The contribution of the DVR data is still relatively small. Nielsen estimates DVRs are now only in about 4 percent of its sample households, but are in about 12 percent of U.S. households. It plans to have its sample in balance with the U.S. TV universe by this summer.

But the data already has produced inconsistent patterns, even situations where ratings including the playback data are lower than ratings without it.

Most big agencies like Speciale's MediaVest have advocated a wait-and-see approach, recommending that the time-shifted ratings be set aside for now, until more stable patterns become established. Some of the big networks have said they plan to use the playback data as part of their official negotiations, though there were some new signs that position may be weakening.

"Our policy right now at News Corp. is live plus seven [days], but at the end of the day we'll work with our advertising partners to come up with a solution that works best for them," conceded Bob Cesa, executive vice president-advertising sales for News Corp.'s Twentieth Television, DirecTV, and My TV network units. Cesa, however, noted that ad deals for DirecTV, at least, could provide even more precise DVR playback data. He said the satellite TV provider has access to clickstream information from three million households using its own set-top boxes.

"It's kind of a non-issue at Univision," concurred Tom McGarrity, co-president-network sales at Univision Networks, adding, "We'll probably follow the lead on this."

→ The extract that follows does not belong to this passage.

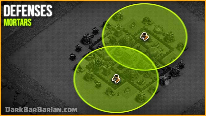 The Mortars are positioned slightly away from the exact center but still well protected inside compartments. Mortars are extremely important at TH6 because they counter common farming armies like BARCH, GiBarch, and mass Goblins. Their splash damage can eliminate groups of low-health troops very quickly.
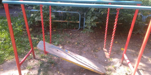 Номер жалобы:59142 Тип жалобы:Иные проблемы ЖКХ Название объекта: Регион:Челябинская область Город:Челябинск Адрес:улица Васенко, 100 Описание жалобы:Во дворе дома, находящегося по адресу: г. Челябинск, ул. Васенко, 100, расположена детская площадка. Однако "подвесные качели" находятся в неудовлетворительном состоянии. Прошу починить качели. Статус:

If the lead is anything like the one suggested by Aaron Cohen, executive vice president-director of broadcast at media buying giant Horizon Media, DVR playback ratings may indeed be a moot point. After asking members of the audience to raise their hands if they A) own a DVR, and B) skip commercials when playing back, Cohen said, "That looks to me to be 90-95 percent. What does that mean for live plus seven for me? Period. End of report."

Or as MediaVest's Speciale emphasized, "I can't do a deal on gut. Yes, we all think that people aren't watching it." But without more accurate data, she said, the industry will never really know.